Matt....please feel free to use any of the pictures for your site  And let me know if you need more - I would be happy to contribute...Thanks.....Ron


----------



## glass man (May 4, 2010)

VERY VERY NICE COLLECTION! THANKS FOR SHARING! WHY NO KILMERS WITH THE EMBOSSED KIDNEY? JUST CURIOUS. JAMIE


----------



## Plumbata (May 4, 2010)

That is a righteous collection! I'm sorry about the root cause which led you to this focus, but dang you really made the most of it!

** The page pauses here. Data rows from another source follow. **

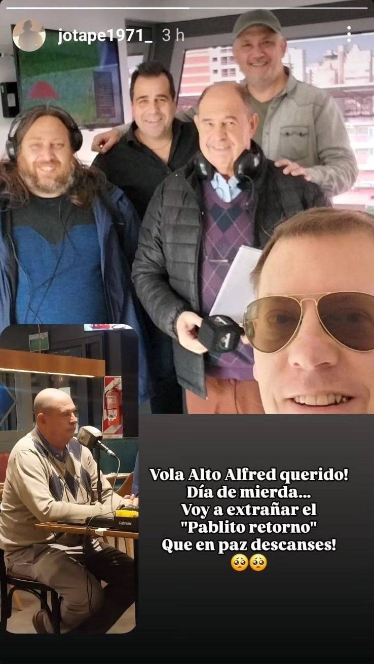 Juan Pablo Trovatto, operador de La Redonda, lamentó: "Volá alto Alfred querido. Día de mierda. Voy a extrañar el 'Pablito, el retorno'. Que descanses en paz". Se sumó Natalia Villegas, locutora: "Alfred querido, vuela alto. La Redonda está de luto".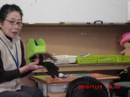 てぶくろろくすけは,てぶくろ社会の厳しさや家族愛に触れることができました。実際にてぶくろを持ってきて見せてくださいました。
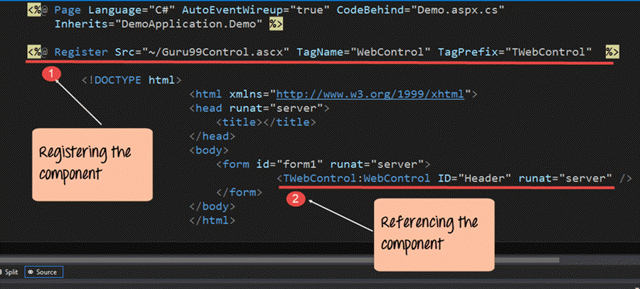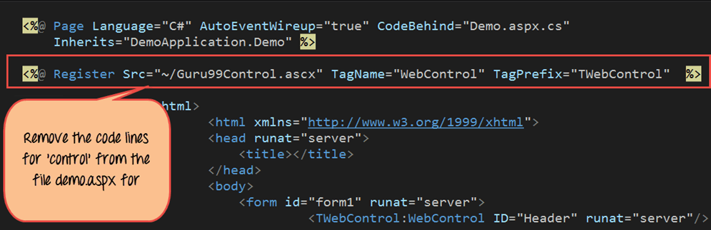 <%@ Page Language="C#" AutoEventWireup="true" CodeBehind="Demo.aspx.cs" Inherits="DemoApplication.Demo" %> <%@ Register Src="~/Guru99Control.ascx" TagName="WebControl" TagPrefix="TWebControl"%> <!DOCTYPE html> <html xmlns="http://www.w3.ore/1999/xhtml"> <head runat="server"> <title></title> </head> <body> <form id="forml" runat="server”> <TWebControl:WebControl ID="Header" runat="server" /> </form> </body> </html>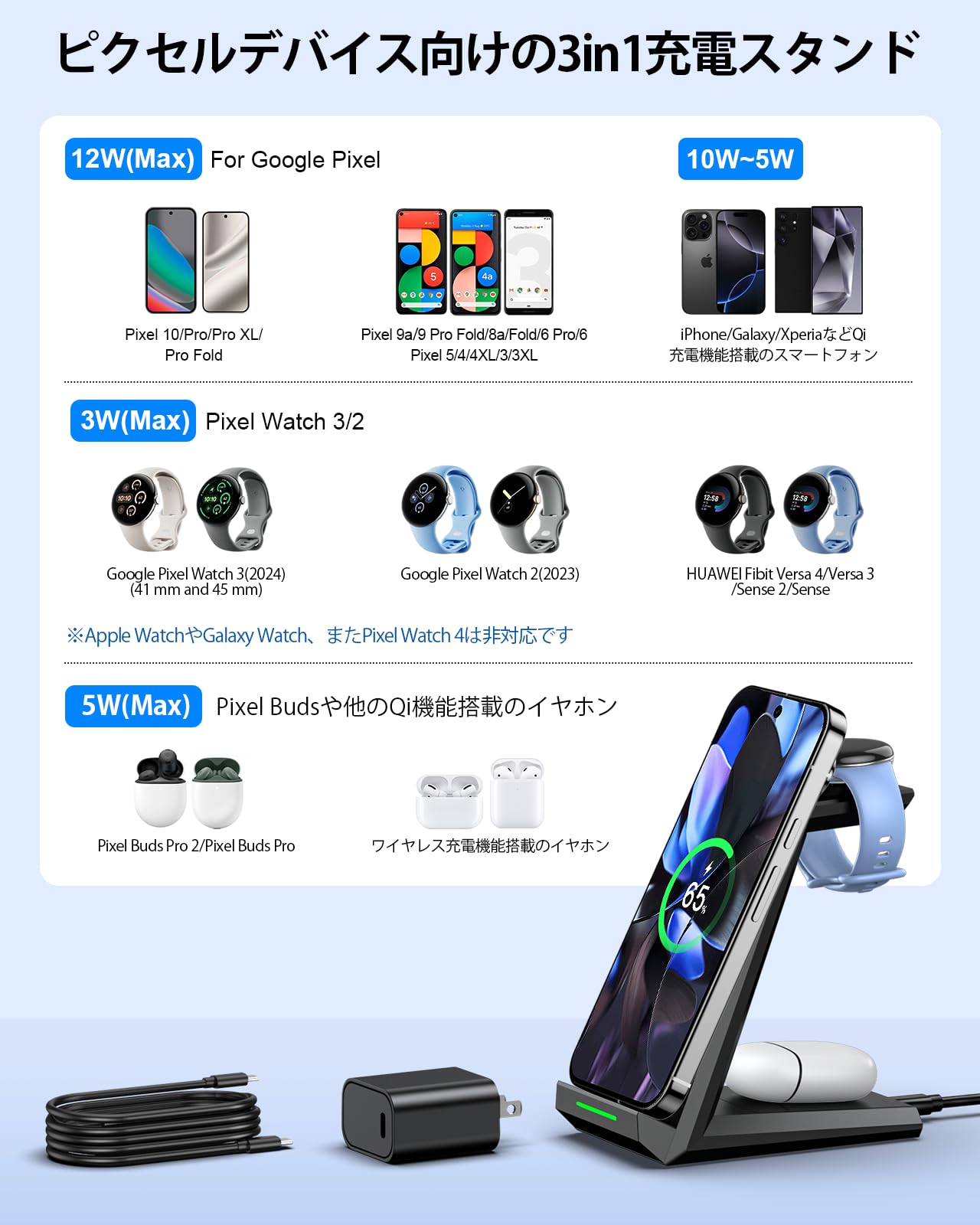 NANAMI 3in1 ワイヤレス充電器 Google Pixel専用 15W 高速充電 Pixel 10/9 Pro XL/9/Fold/8/7/7A/6 Pixel Buds Pro 2/Pro ピクセルウォッチ 3/2 Fitbit Versa 4/Sense 2 iPhone 17/16 Galaxy S25(Ultra) 各種機器対応 充電スタンド 20W出力アダプター付属 (ブラック)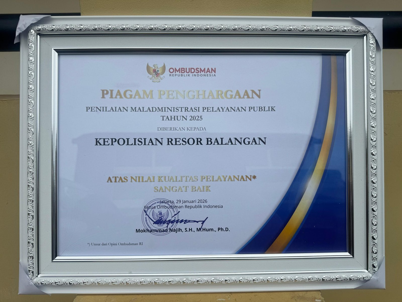 Pencapaian ini menjadi sinyal kuat bahwa Polres Balangan sangat serius dalam menghapus praktik maladministrasi serta terus mengedepankan pelayanan yang transparan dan akuntabel.
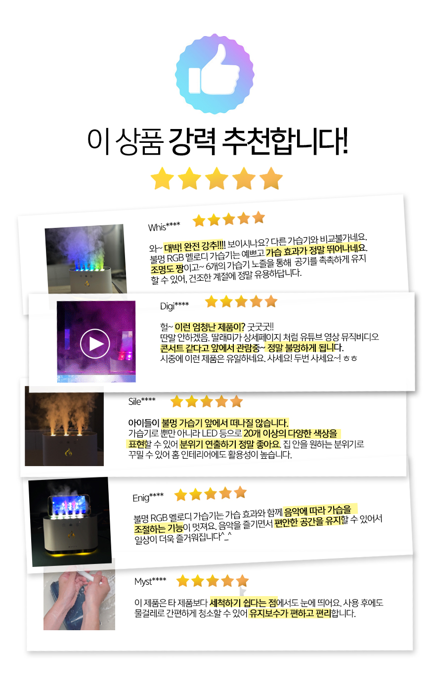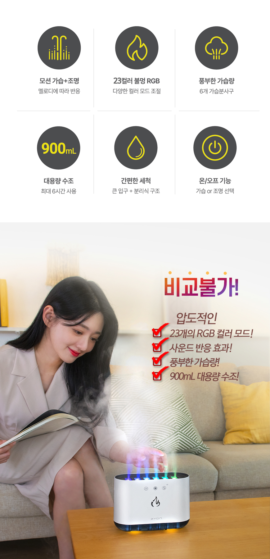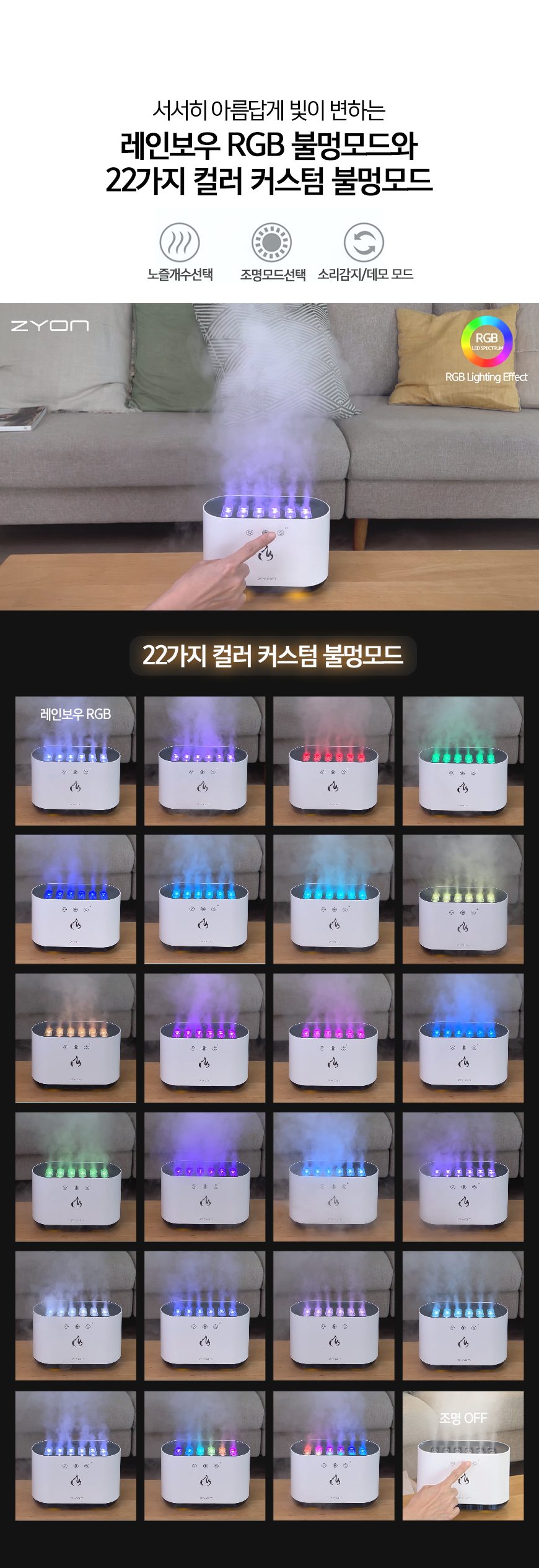 • 불멍 RGB 멜로디 가습기 사운드멍 무드등 zy-hrm500

 I have a few questions about the "Reid's German Cough & Kidney Cure" bottles. They are from Peoria, the town I collect, and I have only managed to get one of them, the 5 5/8th inch size. The one I have is embossed "Kidn*d*y" which is odd, but I don't know if that was embossed on all of that size or if the mistake was fixed afterward. How is kidney spelled on the Reid's bottles you have? I'm not holding my breath, but if you have any extras of those bottles I would be extremely interested.

 Again, nice stuff!


----------



## GuntherHess (May 5, 2010)

cool thanks


----------



## junkyard jack (May 5, 2010)

That's a great collection. I had no idea there were so many "Kidney" embossed bottles out there. That little citron "Pierce's Tablets" bottle is superb!!! Great color on that one.


----------



## ktbi (May 5, 2010)

Bill - Thanks - I agree, I really like that one. 
 Stephen - I only have two 5 3/4 and 7 1/4.  Kidney is spelled correctly on both. Do you have any of the trading cards?  I attached a photo of the ones I have. Reid's bottles are hard to find.  These are the only two I've seen. I will keep watching and pick up one for you if I see one.
 Jamie - I left out the Kilmer's because the picture was fuzzy.  Took a look and realized it was the bottle that was fuzzy.  I have several so will include it later.
 Thanks for looking...I'm proud of the collection, it took awhile and still trying to add to it.....Ron


----------



## ajohn (May 10, 2010)

Hey Ron,
 Well done!!!(with the fight and the collection).Looks like you only need the letters I,J,N,Q,U,X,Y,and Z.Although the Junipers could pass for the "J"(gray area),and the Q,X,and Y letters could probably show up in the Chinese med area???[8|].
 I'll keep my eyes peeled.    Anthony-J.


----------



## Stardust (May 13, 2010)

Excellent collection.Thanks for sharing. []


----------